“You deserve a gigantic apple plaque,” Ella says. Ella is merely making a joke; she thinks I went to see my mother this afternoon and doesn’t know about Gladys Wycomb’s threat, doesn’t know what a long day it’s been. In any case, I’ve already lost track of the chrome apple. I believe Jessica’s assistant Belinda carried it away.
Jessica says to me, “Take it easy tonight, okay?” She looks at Ella. “Make her relax.”
“The same to you,” I say.
“I’m not the one in the eye of the storm,” Jessica says. Abruptly, she jumps out of the elevator and hugs me, and as she does, she whispers in my ear so Ella can’t hear, “You did the right thing.”
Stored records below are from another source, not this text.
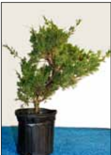
Sargent Juniper Juniperus chinensis 'Shimpaku'

10 TREE BAREROOT SEEDLING BUNDLE- 6-18" TALL- $35 FREE SHIPPING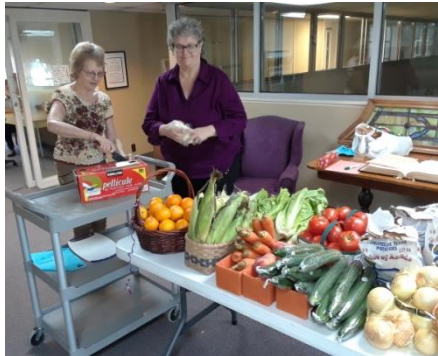
September: Veggie Giveaway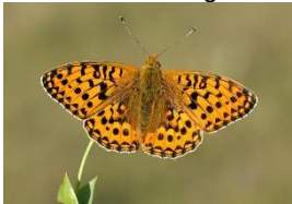
DARK GREEN FRITILLARY Dog-violet

Large, orange & black, white dots on underside, On chalk grass w/scrub. Unusual to find in this landscape.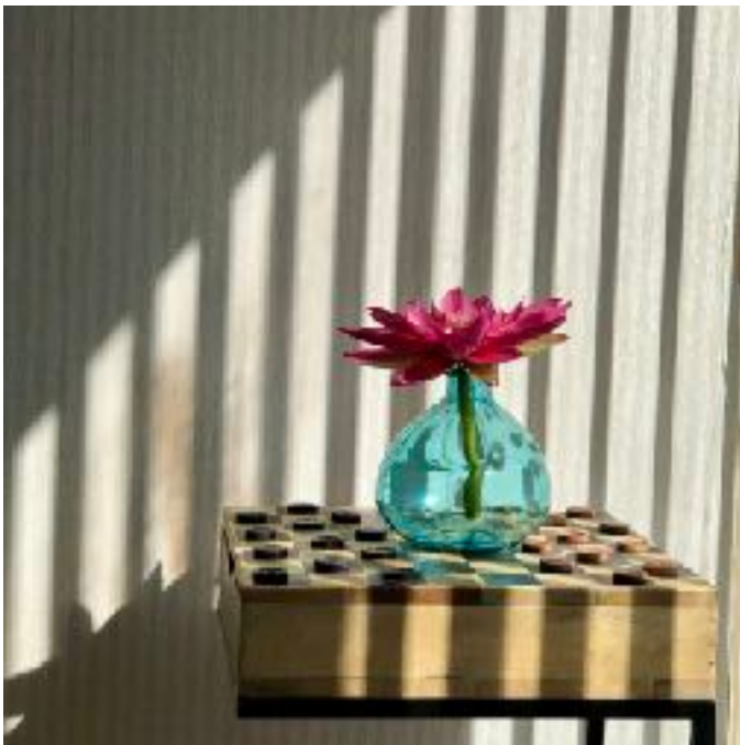
Jennifer Rogers, "No Move" 22 pts. AW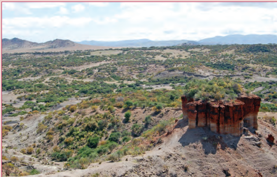
Olduvai Gorge, Africa.

Past climate provides a context for understanding the course of early human evolution. But terrestrial proxy records are typically too degraded or incomplete to reveal local ecosystem characteristics and rapid environmental changes. In a pair of papers, Clayton Magill et al. (pp. 1167–1174 and pp. 1175–1180) report a lipid biomarker and isotopic signatures for organic matter preserved in lake sediments at Olduvai Gorge, Africa, dating to a key interval around 2 million years ago when Homo erectus ( sensu lato ) emerged and began to disperse across Africa. Us-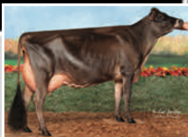
RATLIFF FIZZ BUBBLES-ET Selling as Lot 79

BORN 09/15/2019 DHIA HERD # 48-14-0191 CONTROL # 1649 FEMALE EFI 6.2% AMERICAN ID 1649/1649 1-11 245 2 10790 5.5 596 3.8 414 89DCR 1432C 2-10 225 2 12230 4.6 563 3.9 472 81DCR 1557C 305 2X ME AVG 2L 17408M 855F 662P 2232C

Ella and I sit in the Family Kitchen, and Ella pulls cheese, hummus, and baby carrots out of the refrigerator. She isn’t a fan of the food here—even though downstairs the chefs will fix anything we want exactly to our specifications—so I always make sure we’re stocked in the residence when she visits. I call down to ask for a Cobb salad for myself, and Ella and I analyze the evening for a while, discussing the impressive delivery of the girl who recited “Theme for English B,” the vaguely and uncomfortably sexual overtones of the baton-twirling fourth-graders, and Ella says, “Did you talk to Senator Zimon tonight? I think he’s had hair implants.” She adds, “Does Jessica ever annoy you because she’s so perfect?”
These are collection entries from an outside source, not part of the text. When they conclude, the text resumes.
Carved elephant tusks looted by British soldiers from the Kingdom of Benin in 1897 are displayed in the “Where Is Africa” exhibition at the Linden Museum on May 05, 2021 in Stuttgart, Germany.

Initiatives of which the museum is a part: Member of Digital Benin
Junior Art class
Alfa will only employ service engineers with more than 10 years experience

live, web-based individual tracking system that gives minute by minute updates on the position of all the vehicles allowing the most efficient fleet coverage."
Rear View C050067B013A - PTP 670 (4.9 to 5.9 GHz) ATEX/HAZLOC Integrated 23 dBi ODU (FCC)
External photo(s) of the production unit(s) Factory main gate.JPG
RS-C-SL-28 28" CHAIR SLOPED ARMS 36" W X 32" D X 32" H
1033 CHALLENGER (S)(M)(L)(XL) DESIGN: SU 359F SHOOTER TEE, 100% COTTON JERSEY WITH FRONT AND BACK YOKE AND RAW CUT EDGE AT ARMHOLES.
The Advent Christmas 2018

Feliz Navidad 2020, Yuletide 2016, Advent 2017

I smile. “Does that mean Jessica annoys you because she’s perfect?”
“Not at all!” Ella grins her father’s grin. “No, I’m totally not threatened by this woman who’s close to my own age, who you spend all your time with and like better than me. Not one little bit!”
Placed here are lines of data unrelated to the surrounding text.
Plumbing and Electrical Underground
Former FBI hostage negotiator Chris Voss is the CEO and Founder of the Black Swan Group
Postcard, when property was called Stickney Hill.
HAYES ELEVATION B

“I think the world of Jessica, but I only have one daughter, and there’s no one I love more. Would you like to sit on my lap?” I am mostly teasing, as Ella is, too, but she rises, turns, and lowers her rear end onto my thighs for a second. I run my palm down her back, over her still-long caramel-colored hair. Then she stands, reaching forward for a carrot that she dips in the hummus. She bites into it and says over one shoulder, with her mouth full, “What I’m really hungry for right now is a poop sandwich.”
“You’re a class act,” I say. This is an old joke between us, a requirement whenever eating a meal together after time apart. (Needless to say,
I
never make the joke, but Ella can be counted on.)
“Are you and Dad in a huge fight?” Ella asks.
“Why would you think that?”
“There has to be some fallout from your heart-to-heart with that Franklin guy.”
“Don’t worry about Dad and me. We’ll be just fine.”
“So what’s the thing you wanted to tell me?”
“Oh—” Should I do it? I no longer need to, now that I’ve been spared by Gladys Wycomb’s death, but I still could. What is the difference between giving voice to an overdue truth and being a parent who indulgently unburdens herself? Telling Ella wouldn’t be fair to her, I realize, it would be unsettling—not just because of her religious convictions but also because (I know Ella, and I, too, was an only child) it will make her think she could have had a brother or sister. I say, “It was nothing.”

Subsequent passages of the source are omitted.